Per capire e sapere governare scienza e tecnica bisogna avere studiato. Le competenze che si acquisiscono nelle buone università e nelle buone scuole sono fondamentali. Il buffo e il paradosso della situazione italiana è che l’emergenza che stiamo vivendo viene gestita (nell’insieme non malissimo) da chi ha chiesto e ottenuto il consenso degli italiani in nome dello slogan «uno vale uno» e della denigrazione dei competenti e degli specialisti. Anche questa è una grande lezione di vita. I ministri antivax e anti-scienza stanno governando seguendo, con la giusta umiltà, i pareri autorevoli di illustri scienziati. È il caso di dire, non è mai troppo tardi e nei momenti difficili il pressapochismo e la cialtroneria si mostrano per quello che sono.
Seconda lezione
Il benessere di ciascun individuo è non solo intrecciato con quello degli altri, ma dipende soprattutto dalla qualità di quell’insieme di regole e competenze istituzionali che sono riassunte nella parola “Stato”. Il cosiddetto popolo senza buone leggi e una buona élite è un aggregato informe che si sbriciola al primo ostacolo. La gestione del Coronavirus è la prova dell’errore delle proposte politiche populiste. Ricordate? «Uno vale uno», «I vaccini sono una truffa delle multinazionali farmaceutiche», l’oncologo Veronesi apostrofato come “Cancronesi” perché consigliava alle donne il ricorso alla mammografia, eccetera.
Terza lezione
Una comunità forte e capace di affrontare le situazioni eccezionali non è solo governata da una élite competente, è composta da individui che sappiano essere responsabili.

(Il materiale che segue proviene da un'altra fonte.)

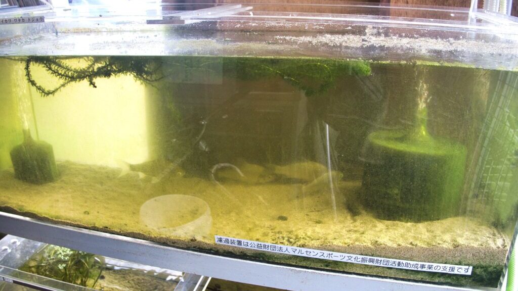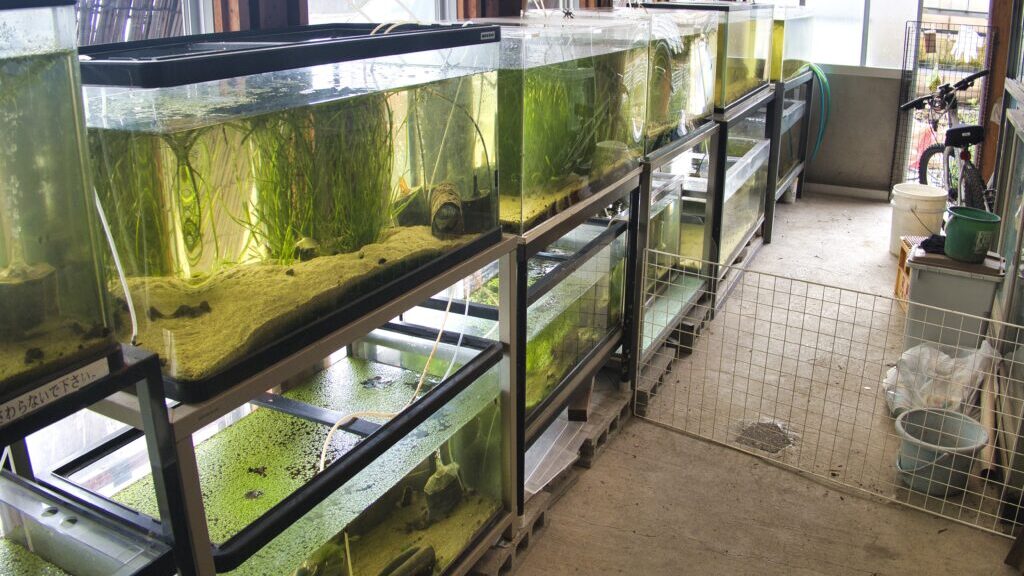 屋外にも多数の水槽が設置されており、そこではメダカやタナゴなど、より小型の淡水魚が飼育されています。

Responsabilità in questo caso significa fidarsi dei risultati della ricerca scientifica e sapere sottoporre sacrosanti bisogni religiosi o ideologici al vaglio critico di ragionamenti che tengano conto di ciò che la scienza dice. Il cattolico Manzoni docet: se non vuoi combinare guai irreparabili devi sapere amministrare matrimoni, funerali, messe, processioni in onore di santi, in conformità con quanto ti dice la scienza sul contagio della peste e altre epidemie.
Quarta lezione
Il capitalismo liberista e a-statale esiste solo nell’immaginazione ideologica degli anticapitalisti senza se e senza ma. L’economia di mercato si è sempre svolta sotto la vigilanza attenta dello Stato. Che poi alcune modalità di questa vigilanza non fossero gradite ad alcuni è altra questione. Adesso disponiamo di uno straordinario specchio in cui il capitalismo cosiddetto (solo cosiddetto) liberista può osservarsi e studiarsi: il comunismo capitalistico cinese.

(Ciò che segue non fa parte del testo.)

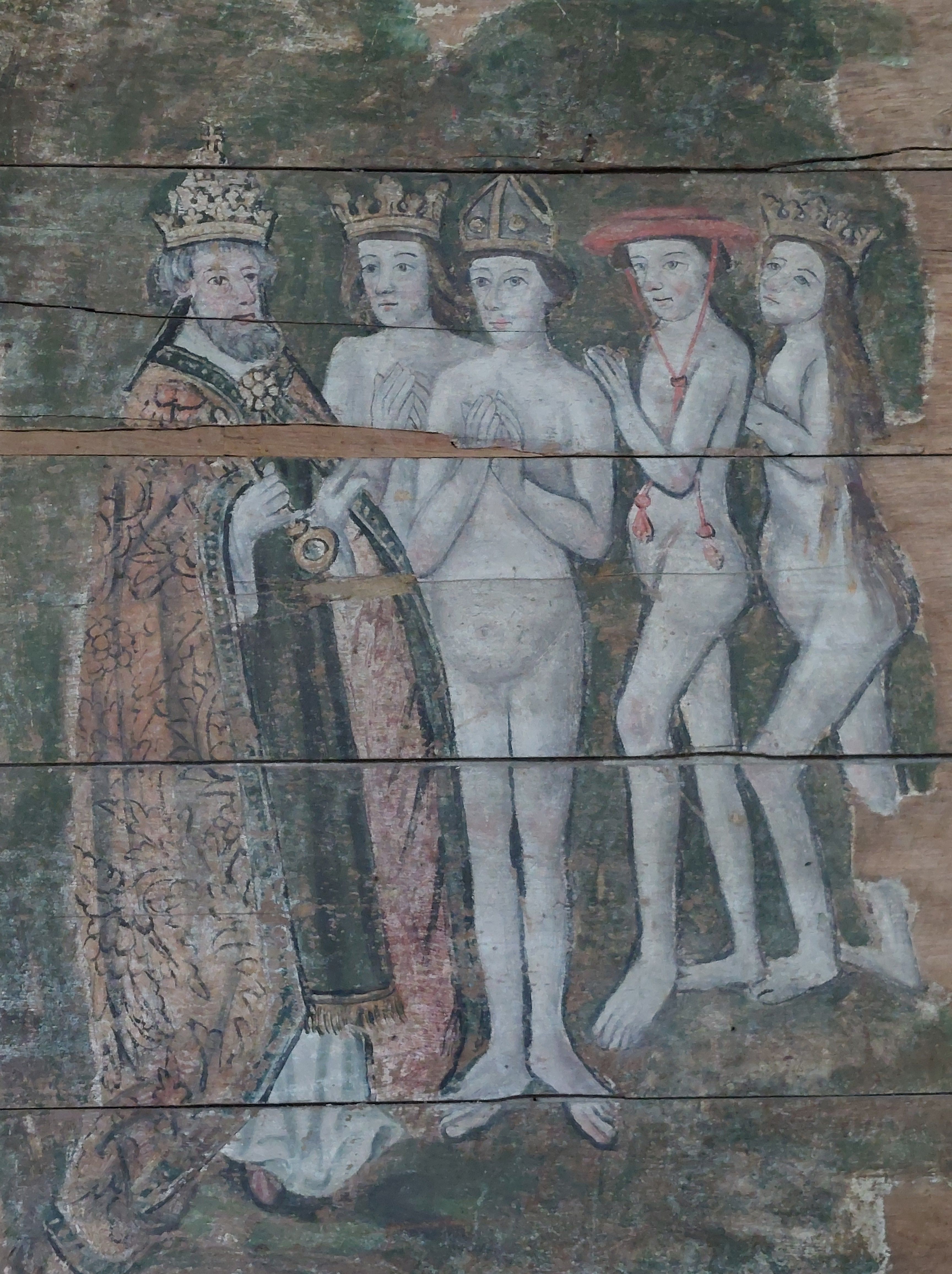 Beneath the image of Christ are the resurrected souls appearing above ground and their headgear – crowns, tiaras and mitres – have been included to show their station in life. Usually, the rich and powerful are seen mixing with ordinary mortals in Dooms to show equality on Judgement Day but in the Wenhaston Doom they are set apart for some reason.  Meeting them is St Peter in his papal tiara representing The Church which alone had the power to admit men and women to eternal life through the Sacraments.

In entrambi i capitalismi profitti, salari e occupazione sono realtà inseparabili. Inseparabili perché connessi da un motore che non piace a chi non ama i consumi degli altri e consuma con senso di colpa: il consumismo. I profitti delle aziende collassano? Lo Stato, capitalistico o comunista, si preoccupa di finanziare i consumatori per aiutare le aziende che, per produrre beni da consumare, generano lavoratori che consumeranno i prodotti delle aziende, dando così ossigeno ai profitti. È la spirale (consumi-profitti-lavoro-salari-consumi-profitto…) entro cui vivono comunismo capitalistico cinese e capitalismo non comunista occidentale e che la pandemia ha messo sotto gli occhi di chi vuole vedere.
Conclusione provvisoria
Dopo la tempesta Covid-19 il dibattito politico-culturale si spera sia diverso da prima della tempesta. Per il momento registriamo il silenzio assordante dei populisti antivax, anti-scienza e anti-élite.